* Aim of the exercise
Please copy, exactly as they appear below, the lines from the one containing "Occhiali da vista" through the one containing "You Make My".

* Source material
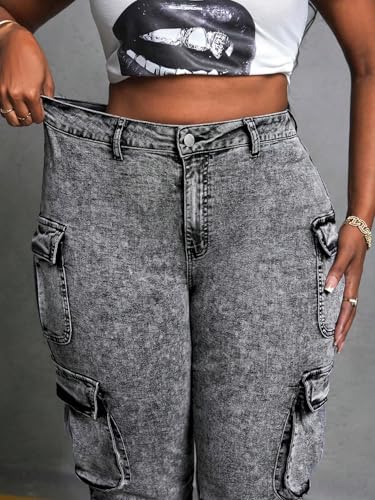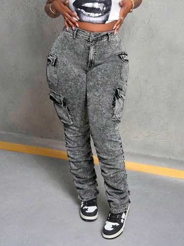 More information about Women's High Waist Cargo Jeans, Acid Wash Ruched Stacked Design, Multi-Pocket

--

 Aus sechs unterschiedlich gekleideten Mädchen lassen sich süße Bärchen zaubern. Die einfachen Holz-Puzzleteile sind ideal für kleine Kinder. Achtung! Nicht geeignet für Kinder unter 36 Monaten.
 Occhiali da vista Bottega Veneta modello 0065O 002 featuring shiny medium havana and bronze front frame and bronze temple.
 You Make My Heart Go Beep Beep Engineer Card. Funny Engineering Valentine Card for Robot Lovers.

* Solution to the exercise
 Occhiali da vista Bottega Veneta modello 0065O 002 featuring shiny medium havana and bronze front frame and bronze temple.
 You Make My Heart Go Beep Beep Engineer Card. Funny Engineering Valentine Card for Robot Lovers.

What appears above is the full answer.